Depletion of intercalated cells from collecting ducts of carbonic
anhydrase ii deficient (car2 null) mice .
Breton, Sylvie, Seth L. Alper, Stephen L. Gluck, William S. Sly, Jane
E. Barker, and Dennis Brown.
Renal Unit and Dept. of Pathology, Massachusetts General Hospital
and Harvard Medical School, Boston, MA 02114; Molecular Medicine and
Renal Units, Beth Israel Hospital, Boston, and Dept. of Cell Biology,
Harvard Medical School; Renal Division, Dept. of Internal Medicine,
and George M. O'Brien Center for Developmental Nephrology, Washington
University, School of Medicine, St. Louis. MO; Dept. Biochem., Molec.

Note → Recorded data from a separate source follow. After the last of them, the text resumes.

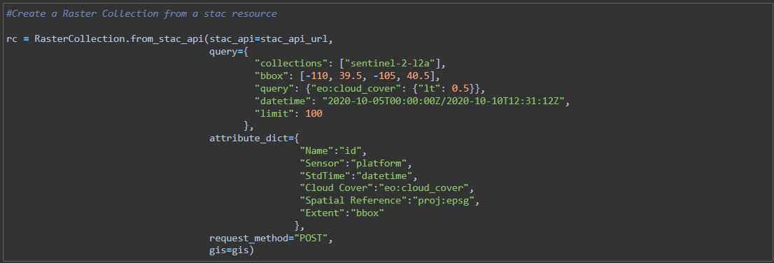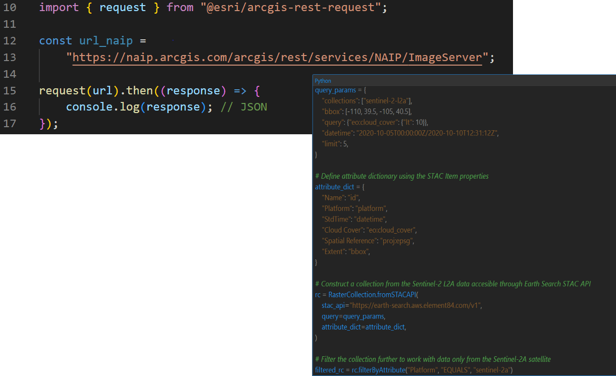 In a traditional desktop or web client, tools can be used to search or discover data that adheres to specific requirements. Think about only viewing images with less than 10% cloud cover, from a specific sensor platform, that were collected on a specific date in time. Accessing data with a code-first approach allows us to define a query that ensures the returned data meets these conditions. This can also be extended to the confines of an area of interest. All with a few lines of code!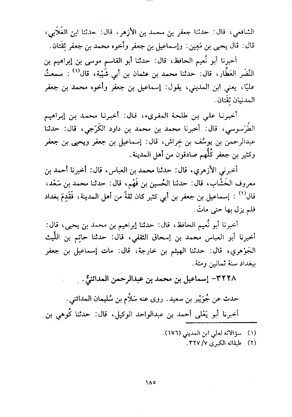 3228 - إسماعيل بن محمد بن عبد الرحمن المدائني حدث عن جويبر بن سعيد، روى عنه سلام بن سليمان المدائني.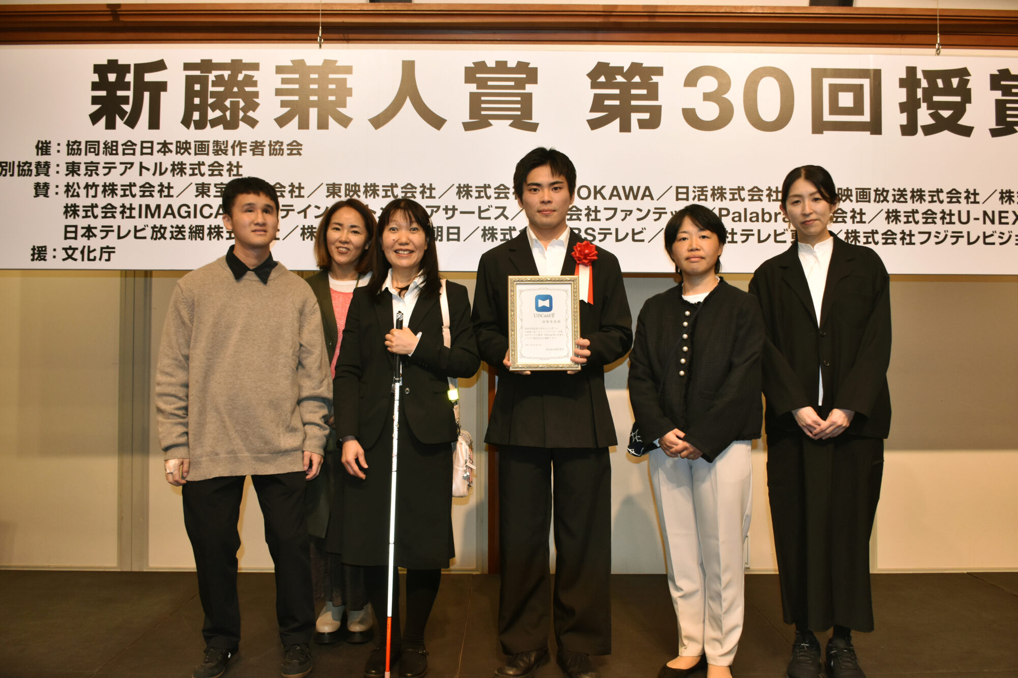 なお、『見はらし世代』の字幕・音声ガイドと、松井俊之氏がプロデューサー賞を受賞された『この夏の星を見る』の音声ガイドは、パラブラで制作しています。授賞式には、 字幕・音声ガイドモニター検討会に参加されたモニターのみなさまにも出席いただきました。

Biol., Washington University, St. Louis, MO; The Jackson Laboratory,
Bar Harbor
APStracts 2:0094F, 1995.
The kidneys of mice that are genetically devoid of carbonic anhydrase
type II (CAR2 null mice) were screened by immunocytochemistry with
antibodies that distinguish intercalated and principal cells.

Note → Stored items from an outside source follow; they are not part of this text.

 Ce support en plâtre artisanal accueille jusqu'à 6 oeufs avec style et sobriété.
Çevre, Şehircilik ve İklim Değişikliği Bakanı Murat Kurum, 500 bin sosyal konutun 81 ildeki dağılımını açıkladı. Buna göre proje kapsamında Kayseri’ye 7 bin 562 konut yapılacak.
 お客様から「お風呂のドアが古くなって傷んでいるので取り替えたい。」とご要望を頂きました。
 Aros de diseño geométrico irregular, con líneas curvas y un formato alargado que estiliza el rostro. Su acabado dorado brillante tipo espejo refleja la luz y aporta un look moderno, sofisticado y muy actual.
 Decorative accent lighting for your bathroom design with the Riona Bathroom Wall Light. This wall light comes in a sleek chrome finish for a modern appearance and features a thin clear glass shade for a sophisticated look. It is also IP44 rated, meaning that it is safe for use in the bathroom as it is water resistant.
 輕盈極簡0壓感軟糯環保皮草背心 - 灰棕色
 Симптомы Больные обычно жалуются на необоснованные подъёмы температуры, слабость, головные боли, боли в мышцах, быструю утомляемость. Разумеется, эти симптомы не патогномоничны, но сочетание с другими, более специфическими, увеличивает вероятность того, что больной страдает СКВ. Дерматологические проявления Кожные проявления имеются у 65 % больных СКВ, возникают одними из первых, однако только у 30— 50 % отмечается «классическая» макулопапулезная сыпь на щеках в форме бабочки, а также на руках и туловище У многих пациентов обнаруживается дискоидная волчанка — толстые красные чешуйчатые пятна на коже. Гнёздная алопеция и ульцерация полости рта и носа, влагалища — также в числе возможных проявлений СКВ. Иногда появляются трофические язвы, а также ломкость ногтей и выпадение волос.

Immunofluorescent localization of the anion exchanger AE1 and of the
56 kD subunit of the vacuolar H+ATPase was used to identify
intercalated cells, while the AQP2 water channel was used as a
specific marker for principal cells of the collecting duct. The CAII
deficiency of the CAR2 null mice was first confirmed by the absence
of immunofluorescent staining of kidney sections exposed to an anti
-CAII antibody. Cells positive for AE1 and H+ATPase were common in all
collecting duct regions in normal mice, but were virtually absent
from the inner stripe of the outer medulla and the inner medulla of
CAR2 null mice. The number of positive cells was also reduced 3-fold
in the cortical collecting duct of CAR2 null animals compared to
normal mice. In parallel, the percentage of AQP2 positive cells was
correspondingly increased in the collecting tubules of CAII-deficient
mice, while the total number of cells per tubule remained unchanged.
These results suggest that intercalated cells are severely depleted
and are replaced by principal cells in CAII-deficient mice.

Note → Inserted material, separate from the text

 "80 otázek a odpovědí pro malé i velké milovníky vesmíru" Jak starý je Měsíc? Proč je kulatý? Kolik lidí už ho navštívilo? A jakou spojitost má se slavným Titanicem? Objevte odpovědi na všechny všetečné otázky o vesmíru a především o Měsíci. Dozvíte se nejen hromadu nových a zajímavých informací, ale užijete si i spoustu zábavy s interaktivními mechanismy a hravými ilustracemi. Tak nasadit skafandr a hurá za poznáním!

Quantitative analysis and double staining showed that, in the cortex,
both A and B types of intercalated cells are equally affected.
Elucidation of the mechanism(s) responsible for this phenotype will
be of importance in understanding the origin and development of
intercalated cells in the kidney.
Received 12 December 1994; accepted in final form 23 May 1995.
APS Manuscript Number F439-4.
Article publication pending Am. J. Physiol. (Renal Fluid Electrolyte
Physiology).
ISSN 1080-4757 Copyright 1995 The American Physiological Society.
Published in APStracts on 6 July 1995.